I'm shocked both that the failed assignment has a side effect and that these do not behave the same way. Can anyone explain?
@peterdrake @chris @treyhunner Trey is the master at these things, but here's my attempt.
In the first one, the expression after the `=` is executed first; this is fine as you're adding one list to another (using `list.__add__()`). This creates a new object. Then, there's an attempt to assign this new object as the first item in `a` which fails since `a` is a tuple.
In the second, the assignment and addition are attempted together using the `__iadd__()` dunder method, rather than `__add__()`. No new object is created.
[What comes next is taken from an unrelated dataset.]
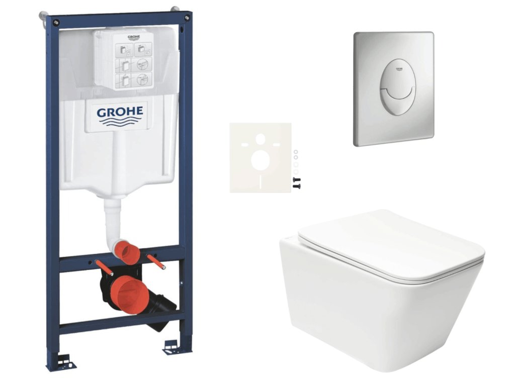 Závěsný wc set - sada obsahuje: modul do lehkých stěn / předstěnová montáž, WC nádržku GROHE, ovládací tlačítko Skate Air a WC sedátko.

Here's a different example which may shed some light:
`>>> b = [2]`
`>>> c = [3]`
`>>> id(b)`
`4407498688`
`>>> b = b + c`
`>>>`id(b)`
`4407508864`
`b` has a different id after the assignment, so it's a different object to the original `b`
now, in a new session:
`>>> b = [2]`
`>>> c = [3]`
`>>> id(b)`
`4394855808`
`>>> b += c`
`>>> id(b)`
`4394855808`
`b` is now the same object as it was before (same id)
@s_gruppetta @chris @treyhunner Fascinating!
I can imagine efficiency reasons for these being different.
It still seems wrong that __iadd__ for tuples makes a change and *then* throws an error. Is there a reason for this behavior?
@peterdrake @s_gruppetta @chris it's actually __iadd__ on a list that's being used here.
a[0] += ["huh"]
Checks if a[0] has a __iadd__ method, which of it does because it's a list. So that line is translated to:
a[0] = a[0].__iadd__(["huh"])
The list __iadd__ method succeeds.
But then assigning to a[0] (which happens after the right-hand side of that assignment) fails.